• _Exercise objective_: Below are the records; extract from them the line containing "菅官房長官は会見で、「日韓双" to the line containing "7 цветов Светодиодная", both lines included, exactly and with no pictures.

• _Data shown_:
* * * * * * * * *

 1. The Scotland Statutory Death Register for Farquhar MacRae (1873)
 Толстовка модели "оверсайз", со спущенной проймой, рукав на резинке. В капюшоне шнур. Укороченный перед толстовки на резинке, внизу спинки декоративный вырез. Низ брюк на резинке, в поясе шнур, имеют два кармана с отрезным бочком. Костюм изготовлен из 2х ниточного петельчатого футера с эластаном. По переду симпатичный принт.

* * * * * * * * *

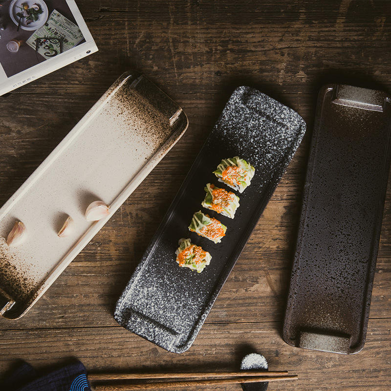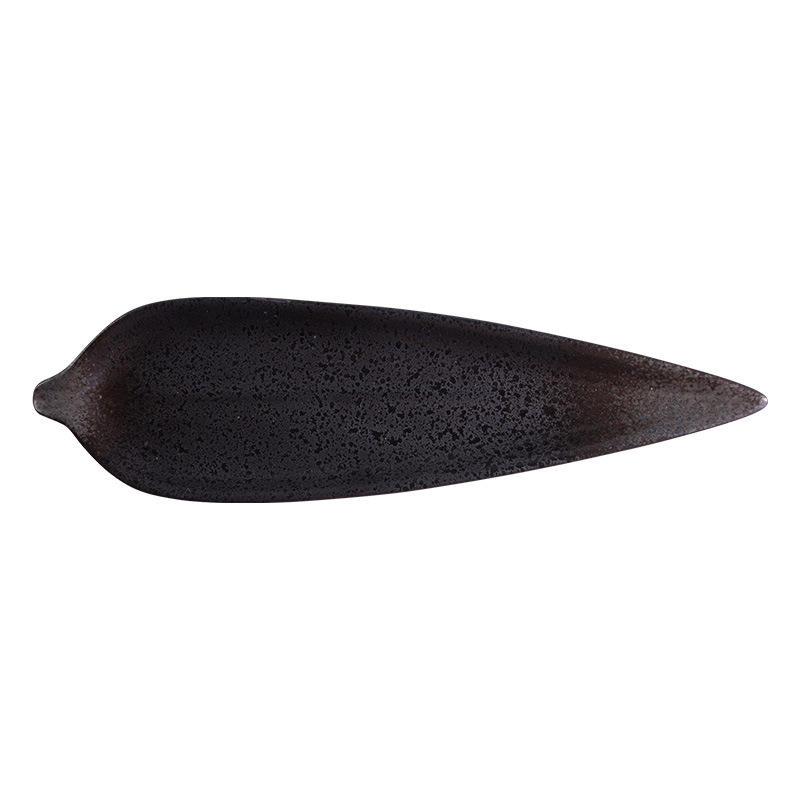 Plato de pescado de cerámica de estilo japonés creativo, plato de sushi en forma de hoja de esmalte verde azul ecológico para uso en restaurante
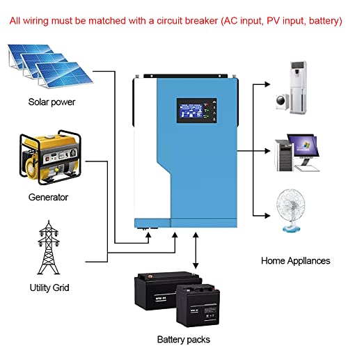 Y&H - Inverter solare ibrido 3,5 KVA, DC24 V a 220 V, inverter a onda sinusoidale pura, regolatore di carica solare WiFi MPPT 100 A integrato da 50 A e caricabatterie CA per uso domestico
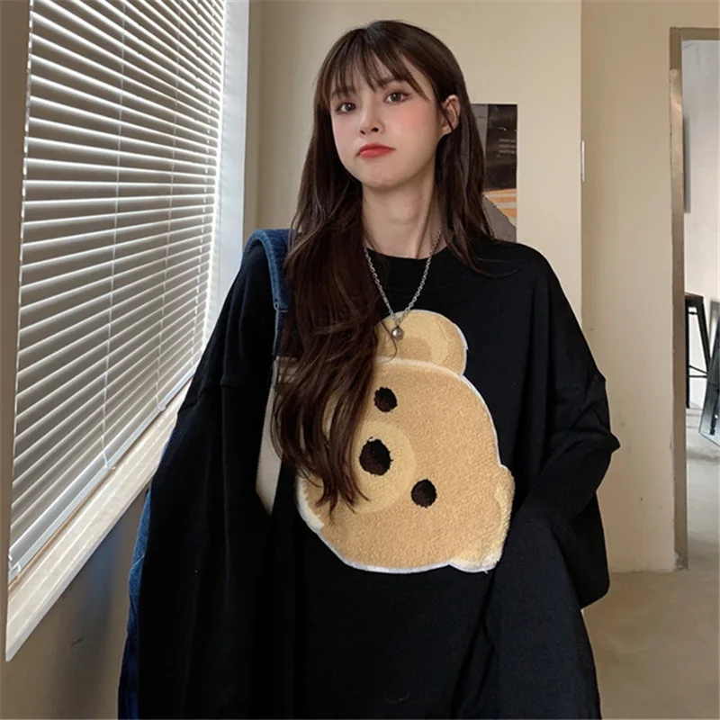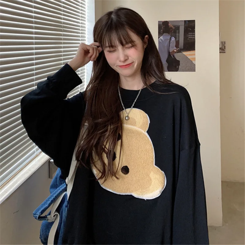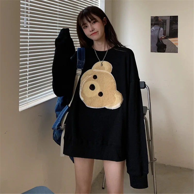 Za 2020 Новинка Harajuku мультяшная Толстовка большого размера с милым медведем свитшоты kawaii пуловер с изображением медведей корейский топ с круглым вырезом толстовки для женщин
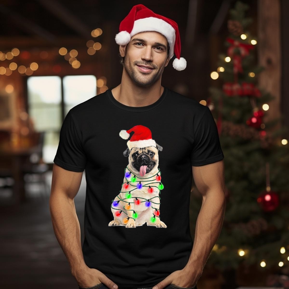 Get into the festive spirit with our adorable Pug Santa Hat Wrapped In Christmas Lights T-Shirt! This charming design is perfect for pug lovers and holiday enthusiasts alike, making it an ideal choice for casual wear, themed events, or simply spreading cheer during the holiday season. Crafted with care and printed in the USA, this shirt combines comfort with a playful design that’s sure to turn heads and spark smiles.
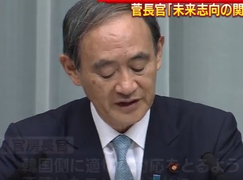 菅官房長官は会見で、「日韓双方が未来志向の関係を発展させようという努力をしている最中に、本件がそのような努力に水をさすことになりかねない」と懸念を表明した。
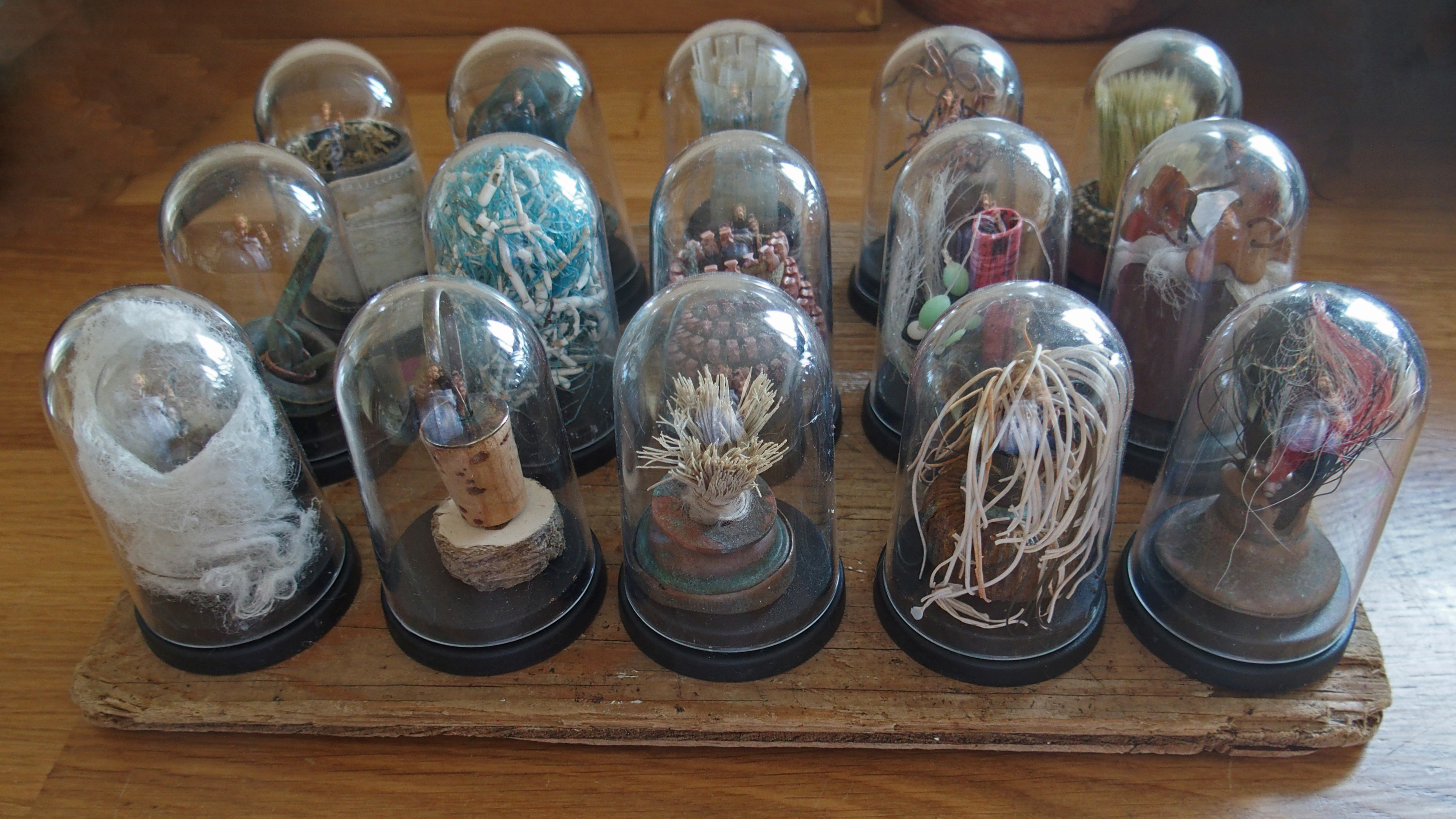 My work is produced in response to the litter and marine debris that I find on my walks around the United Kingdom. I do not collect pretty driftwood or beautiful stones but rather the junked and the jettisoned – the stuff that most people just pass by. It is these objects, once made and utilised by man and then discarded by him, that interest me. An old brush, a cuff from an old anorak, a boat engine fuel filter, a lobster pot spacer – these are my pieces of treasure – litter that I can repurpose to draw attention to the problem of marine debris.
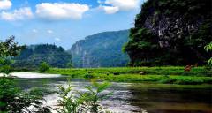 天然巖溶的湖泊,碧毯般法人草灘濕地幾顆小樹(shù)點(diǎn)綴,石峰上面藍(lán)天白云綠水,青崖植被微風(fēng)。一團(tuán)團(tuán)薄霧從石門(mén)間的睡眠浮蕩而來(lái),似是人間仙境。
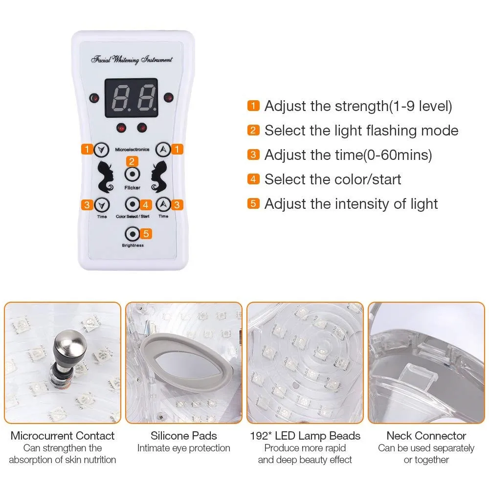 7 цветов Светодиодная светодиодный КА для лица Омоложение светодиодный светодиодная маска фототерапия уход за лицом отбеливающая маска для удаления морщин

* * * * * * * * *

• _Result_:
 菅官房長官は会見で、「日韓双方が未来志向の関係を発展させようという努力をしている最中に、本件がそのような努力に水をさすことになりかねない」と懸念を表明した。
 My work is produced in response to the litter and marine debris that I find on my walks around the United Kingdom. I do not collect pretty driftwood or beautiful stones but rather the junked and the jettisoned – the stuff that most people just pass by. It is these objects, once made and utilised by man and then discarded by him, that interest me. An old brush, a cuff from an old anorak, a boat engine fuel filter, a lobster pot spacer – these are my pieces of treasure – litter that I can repurpose to draw attention to the problem of marine debris.
 天然巖溶的湖泊,碧毯般法人草灘濕地幾顆小樹(shù)點(diǎn)綴,石峰上面藍(lán)天白云綠水,青崖植被微風(fēng)。一團(tuán)團(tuán)薄霧從石門(mén)間的睡眠浮蕩而來(lái),似是人間仙境。
 7 цветов Светодиодная светодиодный КА для лица Омоложение светодиодный светодиодная маска фототерапия уход за лицом отбеливающая маска для удаления морщин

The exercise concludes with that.